5 minute read

A Beautiful Mess

BY JESSICA PRUKNER

God is faithful and always guides our paths.

Every summer, I set aside time to reflect on the past school year and think about the school year to come. I take an inventory of where my kids did well and saw measurable success and where they may have struggled and had some difficulties.

There are many areas I consider inspecting when weighing these successes and difficulties. As their mom and teacher, I am not just worried about their brains when it comes to learning and education, but also their well-being as whole people. I take into consideration their overall health, including mental health, emotional health, social life, and spiritual life.

Since each of my kids is vastly different, they require different forms of learning, social outlets, health needs, mental health needs, and direction in their spiritual lives. When I write out my three kids’ names and multiply all these areas of specificity, it is exhausting to think I have managed to guide them in the right direction all these years. Thankfully, early on I found my saving grace in including God in all my concerns and praying for direction for their lives and their upcoming years. God is faithful and always guides our paths.

As I approach my tenth year teaching my kids, I am in awe as I go down memory lane and the paths we have taken together. It hasn’t always been easy; some days were downright awful, messy, and exhausting, while many other days I will remember with a smile on my face for the rest of my life. Along this almost decade-long journey, I found a quote that has proven true in my life. Lisa T. Shepherd said, “In raising my children, I have lost my mind but found my soul.”

This quote resonated with me when I read it.

Looking back, there were definitely days I felt like I was losing my mind, and there were even some days I felt like I was losing my sense of who I was as I watched my days fly by before my eyes. Wake up, do chores, teach, clean, sleep, repeat. But this year, while sitting alone looking out into the ocean, I see things clearly. Although I may have felt like I was losing my mind through all these years raising and homeschooling my kids, I found so much more. In the struggle of helping my kids discover who they were in Christ, how they learned, and how they should show up to the world, behave, and act, I discovered so much about myself.

I have learned how to be healthier while helping my son with his autoimmune challenges. I have discovered how to overcome my own personal issues and weaknesses in the areas of mental health while I navigated the waters for my daughter toward her own personal healing. I have identified how to be better at kindness, patience, and loving others while teaching my kids how to respond to bullies and drama with their teenage friends. I have learned what true faith is when having to completely trust God with my kids and their safety as they leave me and go on bikes, jet skis, golf carts, airplanes, buses, and cars and zoom off without me with them. I have truly discovered my authentic self while holding my kids’ hands as they have found who they are meant to be.

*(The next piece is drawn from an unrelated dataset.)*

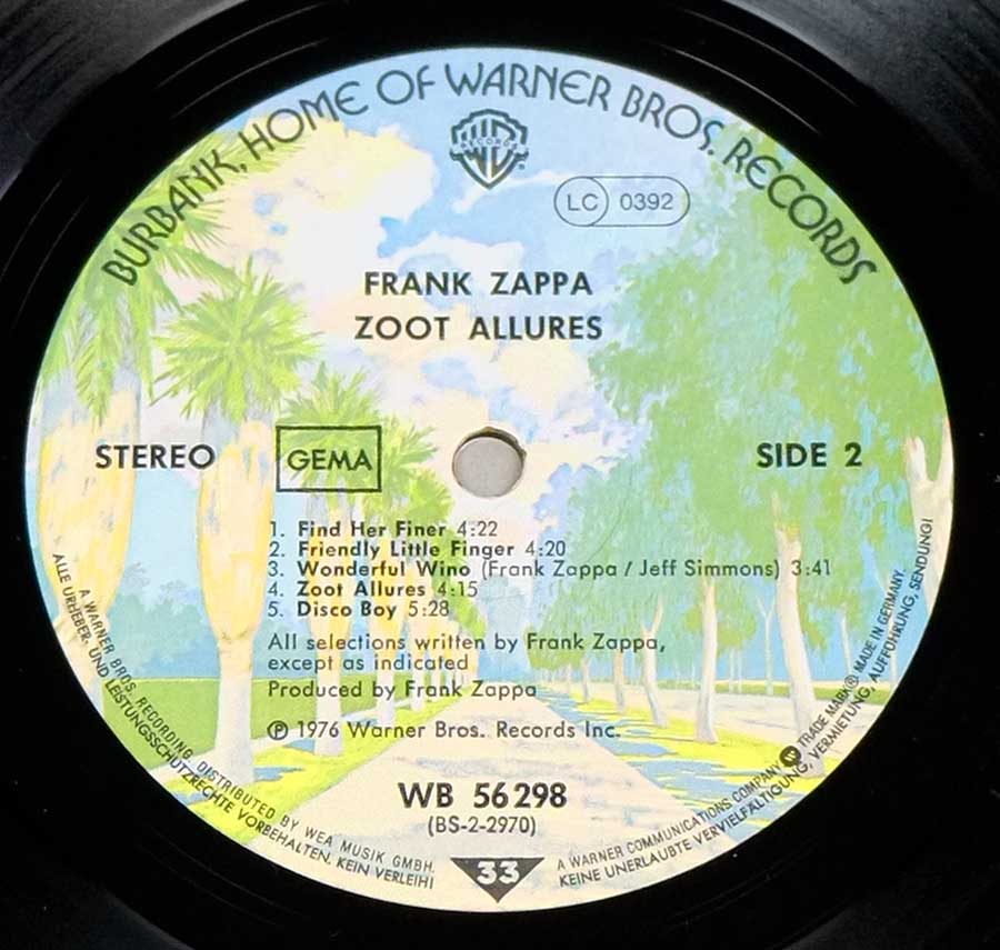 "Zoot Allures" Record Label Details: Warner Bros WB 56 298 ? 1976 Warner Bris Sound Copyright

With the light at the end of my homeschooling tunnel coming into view as my kids are all teenagers, this season is bittersweet. I am relishing all the moments now as the years seem to grow short. I enjoy the moments in my kitchen when it’s late at night, even bedtime, but they decide to make a second dinner and talk their hearts out about their days. I appreciate the “tea time” moments on my girls’ beds. I savor the times my son still grabs to hold my hand while we are walking, knowing one day it will be the last time.

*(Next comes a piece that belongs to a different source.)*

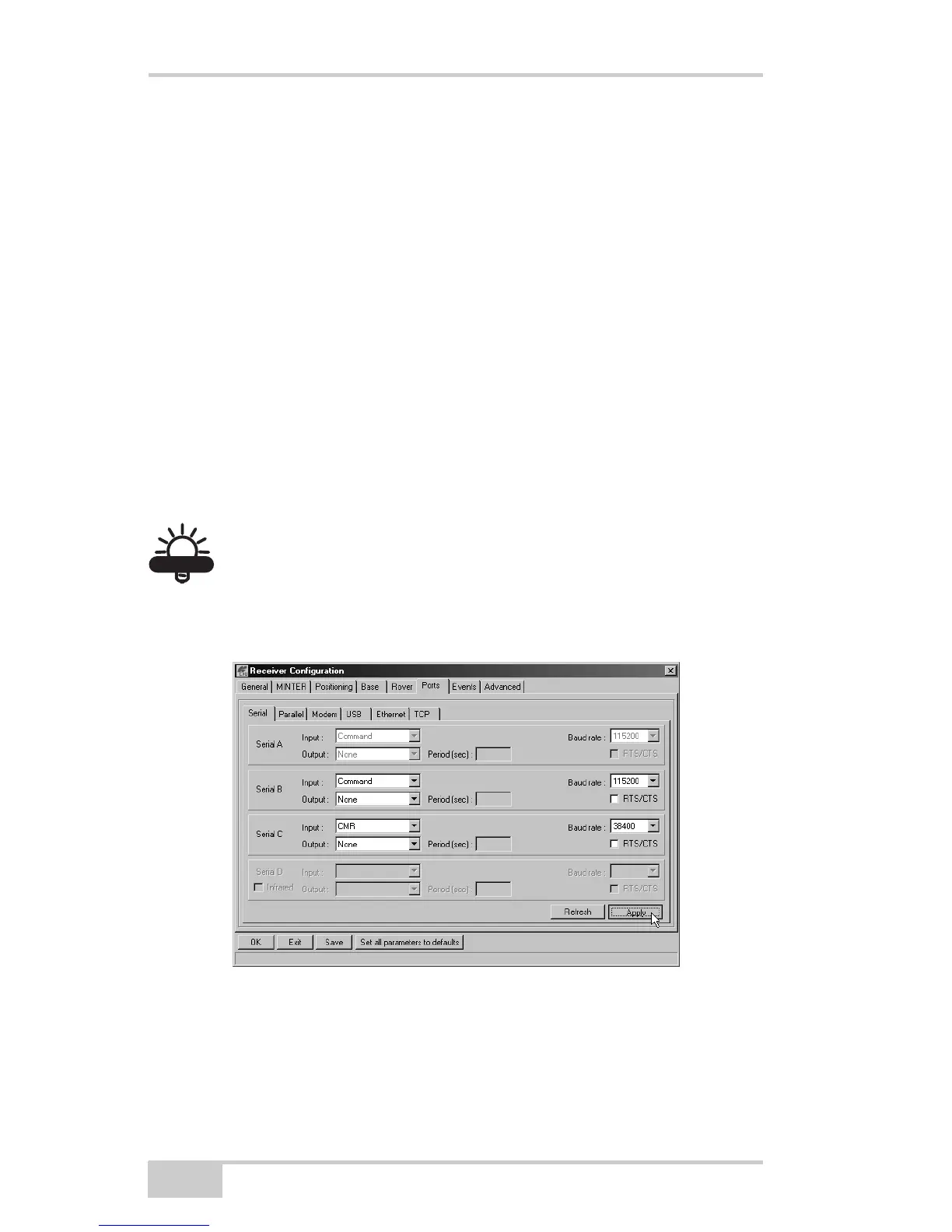 6. Click the Ports tab and set the following parameters for Serial C

I have always viewed my “job” as a homeschooling stay-at-home mom as a calling and privilege from God. Even on days when opportunities to work elsewhere seemed shiny and appealing, I always knew deep down in my heart this was my calling. I believe that one day when I am old and gray and God calls me home, He will tell me that my greatest accomplishment was dedicating my life to raising my three kids to be world changers in a world where evil seemed to prevail and everything seemed to be upside down and backward. I am thankful for these years, this opportunity, and this life. What’s the big deal if I lost my mind? I would trade my soul for my mind any day, and so far, it’s all been so worth it.